▶ _Exercise_:
I'd like the entries repeated exactly, without their pictures.

Source records:

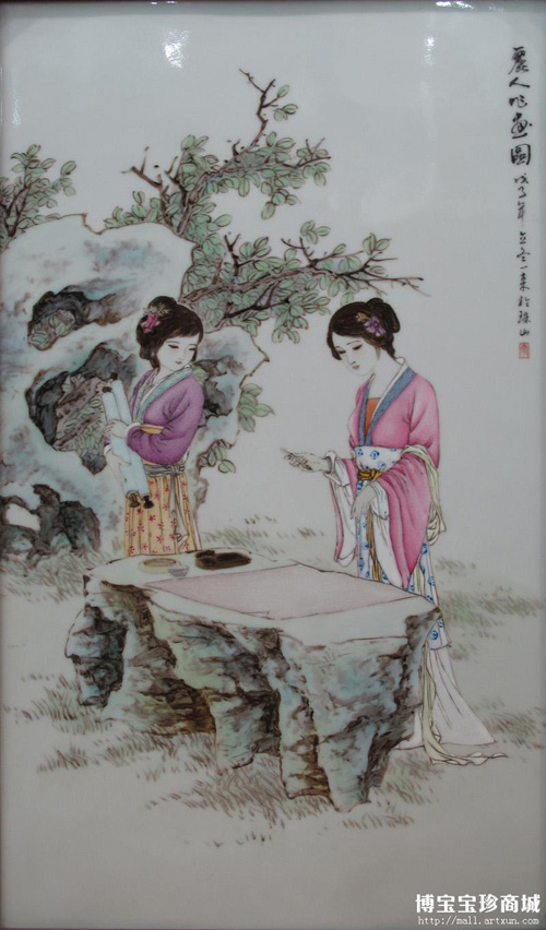 李一來粉彩《麗人作畫圖》瓷板 (圖片來源:博寶寶珍商城)
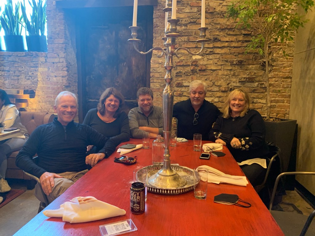 The highlight of the day was meeting up with crazy cool college friends Mike and Jane for brunch at the Fulton Market Kitchen together with their friend David, who is the brother of our friend Cindy back in Minnesota, as well as a familiar journalist from National Public Radio; we were delighted to finally meet in person after hearing his reporting for years. It was lovely to have a meal and conversation with smart people at a great restaurant…and our waiter kindly took this photo of the candelabra on our table, with us in the background.
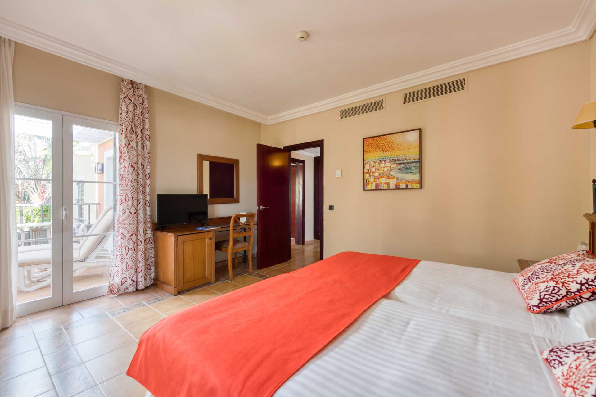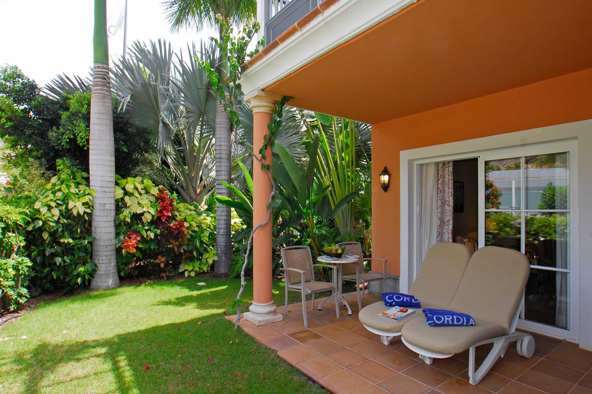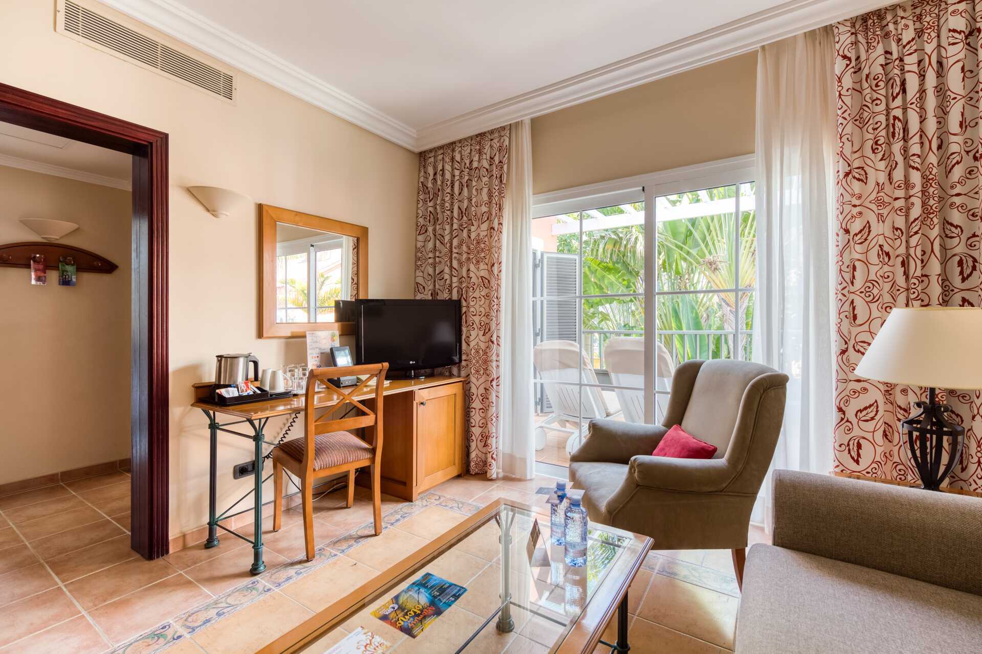 Junior-suiter med balkon eller terrasse. Udepladsen har solstole samt bord og stole. Junior-suiten består af et soveværelse og et opholdsrum. To enkeltsenge. Mulighed for en ekstra opredning i sovesofa. Gratis wifi og aircondition. Deponering mod betaling. Køleskab. Minibar mod betaling. El-kedel og kaffe/te. Tv med internationale kanaler. Hårtørrer. Badekåber. Badeværelse med badekar, separat bruser og toilet. Rengøring 7 gange om ugen.
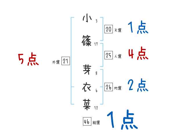 外運![]() | 小篠芽衣菜さんの外運は21画の5つ星!統率力がある。独立し成功する。名誉を手に入れる。 生活面を象徴する運勢です。外部から受ける影響力を表し、結婚運、家庭運や職場、環境への順応性を表します。 |
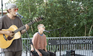 • A street musician plays an acoustic guitar and sings into a microphone. Another person sits beside him, also singing into a mic, in front of trees and a sign that reads Vivian & Alan Hassenfeld Harborwalk. Play Button
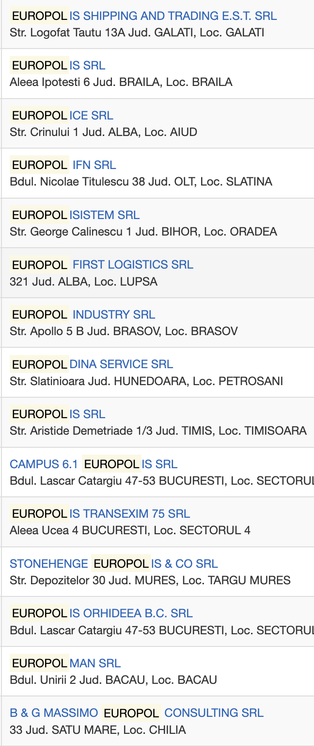Suplimentar, Agenția Europol nu oferă servicii persoanelor fizice ci exclusiv instituțiilor de aplicare a legii din statele membre UE, lipsind astfel orice risc de „confuzie” și „asociere”. Tot în același registru, este interesant că în timp ce noi eram acuzați de folosirea denumirii de „Europol”, care provine din asocierea primelor litere ale cuvintelor „polițiști europeni”, doar în România am identificat peste 60 de firme care realizează activități comerciale având în denumirea lor sintagma „Europol”. La nivel european lucrurile sunt și mai pronunțate, existând sute de societăți precum „Europol Real Estate” sau „Europol Transport”. Împotriva niciuneia dintre aceste entități, Agenția Europol nu a inițiat vreun demers juridic, apreciind că nu îi sunt „lezate” interesele de către aceste entități care desfășoară activitate comercială.
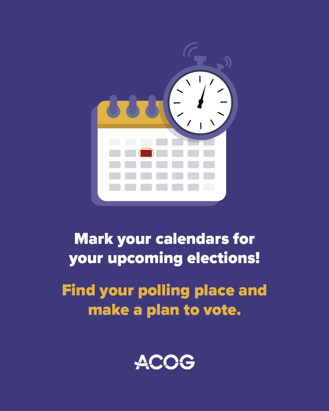 Once you’re up to speed on ACOG’s policy priorities, review the National Conference of State Legislatures’ 2026 election calendar to find dates of upcoming elections.
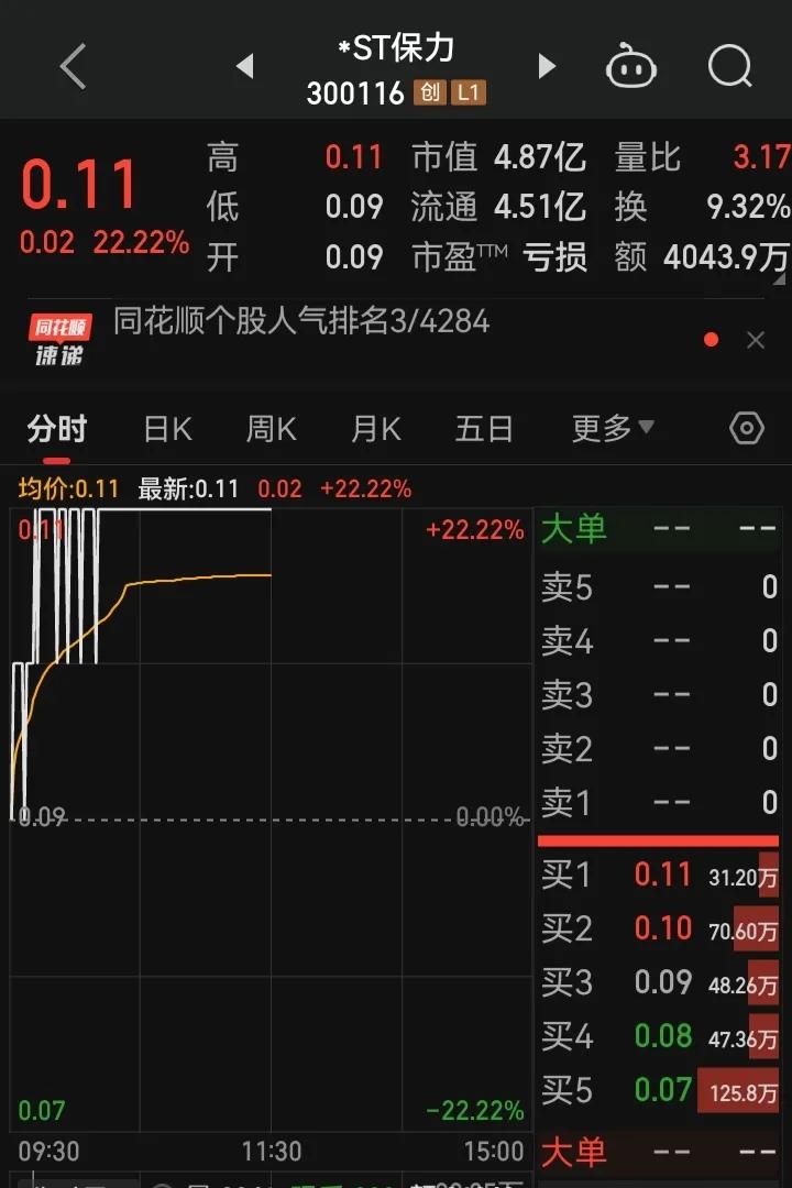 st保力昨天买的,买的时候就当玩个游戏,今天涨停价卖了,也是游戏。估计下午的某个时候,瞬间跌停,收盘这票就等于归零了。钱是自己的,看心情自己做主,但还是奉劝想赌的各位,此票若有再上市,估计你已不在了。 * ST 保力最后一天,利用股票价格极低,散户贪婪的心理,先让股票平开,充满想象,然后拉升,涨停板出货。尾盘下杀。利用新三板的重新上市给散户们希望,可是国九条出来之后,这个希望很渺茫,如果没有国九条,或许有大资金操作一下,还是比较有想象空间的,毕竟现在的价格也就是新三板最后差不多的价格。但是现在非从前,无论多少钱都是钱,切勿进,个人观点。 ST 左江也是我之前提到过的,有一部分人没有听,现在退市了,而且价格偏高,三板之后会跌更多。加油,都是为了赚钱,且行且珍惜。

▶ _Result of this task_:
 李一來粉彩《麗人作畫圖》瓷板 (圖片來源:博寶寶珍商城)
 The highlight of the day was meeting up with crazy cool college friends Mike and Jane for brunch at the Fulton Market Kitchen together with their friend David, who is the brother of our friend Cindy back in Minnesota, as well as a familiar journalist from National Public Radio; we were delighted to finally meet in person after hearing his reporting for years. It was lovely to have a meal and conversation with smart people at a great restaurant…and our waiter kindly took this photo of the candelabra on our table, with us in the background.
 Junior-suiter med balkon eller terrasse. Udepladsen har solstole samt bord og stole. Junior-suiten består af et soveværelse og et opholdsrum. To enkeltsenge. Mulighed for en ekstra opredning i sovesofa. Gratis wifi og aircondition. Deponering mod betaling. Køleskab. Minibar mod betaling. El-kedel og kaffe/te. Tv med internationale kanaler. Hårtørrer. Badekåber. Badeværelse med badekar, separat bruser og toilet. Rengøring 7 gange om ugen.
 外運![]() | 小篠芽衣菜さんの外運は21画の5つ星!統率力がある。独立し成功する。名誉を手に入れる。 生活面を象徴する運勢です。外部から受ける影響力を表し、結婚運、家庭運や職場、環境への順応性を表します。 |
 • A street musician plays an acoustic guitar and sings into a microphone. Another person sits beside him, also singing into a mic, in front of trees and a sign that reads Vivian & Alan Hassenfeld Harborwalk. Play Button
Suplimentar, Agenția Europol nu oferă servicii persoanelor fizice ci exclusiv instituțiilor de aplicare a legii din statele membre UE, lipsind astfel orice risc de „confuzie” și „asociere”. Tot în același registru, este interesant că în timp ce noi eram acuzați de folosirea denumirii de „Europol”, care provine din asocierea primelor litere ale cuvintelor „polițiști europeni”, doar în România am identificat peste 60 de firme care realizează activități comerciale având în denumirea lor sintagma „Europol”. La nivel european lucrurile sunt și mai pronunțate, existând sute de societăți precum „Europol Real Estate” sau „Europol Transport”. Împotriva niciuneia dintre aceste entități, Agenția Europol nu a inițiat vreun demers juridic, apreciind că nu îi sunt „lezate” interesele de către aceste entități care desfășoară activitate comercială.
 Once you’re up to speed on ACOG’s policy priorities, review the National Conference of State Legislatures’ 2026 election calendar to find dates of upcoming elections.
 st保力昨天买的,买的时候就当玩个游戏,今天涨停价卖了,也是游戏。估计下午的某个时候,瞬间跌停,收盘这票就等于归零了。钱是自己的,看心情自己做主,但还是奉劝想赌的各位,此票若有再上市,估计你已不在了。 * ST 保力最后一天,利用股票价格极低,散户贪婪的心理,先让股票平开,充满想象,然后拉升,涨停板出货。尾盘下杀。利用新三板的重新上市给散户们希望,可是国九条出来之后,这个希望很渺茫,如果没有国九条,或许有大资金操作一下,还是比较有想象空间的,毕竟现在的价格也就是新三板最后差不多的价格。但是现在非从前,无论多少钱都是钱,切勿进,个人观点。 ST 左江也是我之前提到过的,有一部分人没有听,现在退市了,而且价格偏高,三板之后会跌更多。加油,都是为了赚钱,且行且珍惜。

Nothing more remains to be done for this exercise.